> [Recorded data]
◇ ◇ ◇

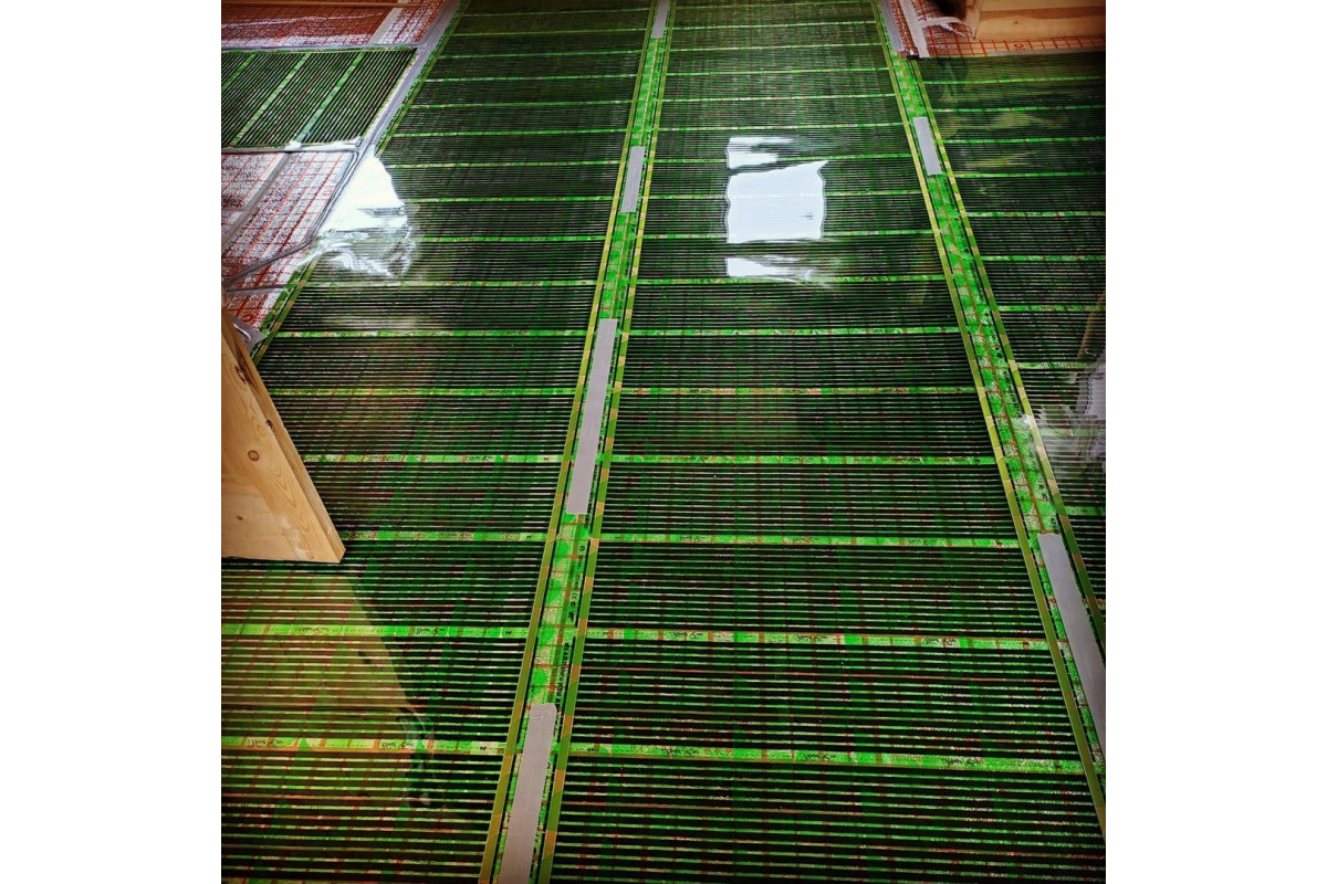 В состав пленки добавлены специальные примеси, позволяющие распределять нагрев за более короткое время и соответственно, экономить электроэнергию. Цвет полотна пленки – светло зеленый.
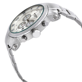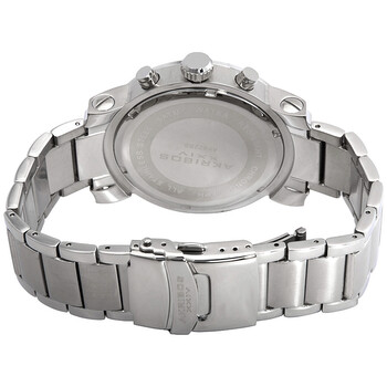 Stainless steel case with a stainless steel bracelet. Fixed stainless steel bezel. Silver sunray dial with luminous silver-tone hands and Roman numeral hour markers. Minute markers around an inner ring. Dial Type: Analog. Luminescent hands. Chronograph - three sub-dials displaying: 60 second, 60 minute and 24 hour. Japanese quartz movement. Scratch resistant mineral crystal with a sapphire coating. Pull / push crown. Screw down case back. Case diameter: 47 mm. Case thickness: 11 mm. Round case shape. Band width: 24 mm. Band length: 8.5 inches. Push-button deployment clasp. Water resistant at 50 meters / 165 feet. Functions: hour, minute, second. Dress watch style. Akribos Grandiose Chronograph Silver Dial Stainless Steel Men's Watch AK622SS.
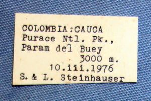 Locus typicus gemäß Erstbeschreibung: Colombia: Cauca; Parque Nac. de Purace, Paramo del Buey, above Coconuco, 3000 m.

◇ ◇ ◇

> [Aim of the task]
An exact reproduction of the data above is required, with every picture removed.

> [Response]
 В состав пленки добавлены специальные примеси, позволяющие распределять нагрев за более короткое время и соответственно, экономить электроэнергию. Цвет полотна пленки – светло зеленый.
 Stainless steel case with a stainless steel bracelet. Fixed stainless steel bezel. Silver sunray dial with luminous silver-tone hands and Roman numeral hour markers. Minute markers around an inner ring. Dial Type: Analog. Luminescent hands. Chronograph - three sub-dials displaying: 60 second, 60 minute and 24 hour. Japanese quartz movement. Scratch resistant mineral crystal with a sapphire coating. Pull / push crown. Screw down case back. Case diameter: 47 mm. Case thickness: 11 mm. Round case shape. Band width: 24 mm. Band length: 8.5 inches. Push-button deployment clasp. Water resistant at 50 meters / 165 feet. Functions: hour, minute, second. Dress watch style. Akribos Grandiose Chronograph Silver Dial Stainless Steel Men's Watch AK622SS.
 Locus typicus gemäß Erstbeschreibung: Colombia: Cauca; Parque Nac. de Purace, Paramo del Buey, above Coconuco, 3000 m.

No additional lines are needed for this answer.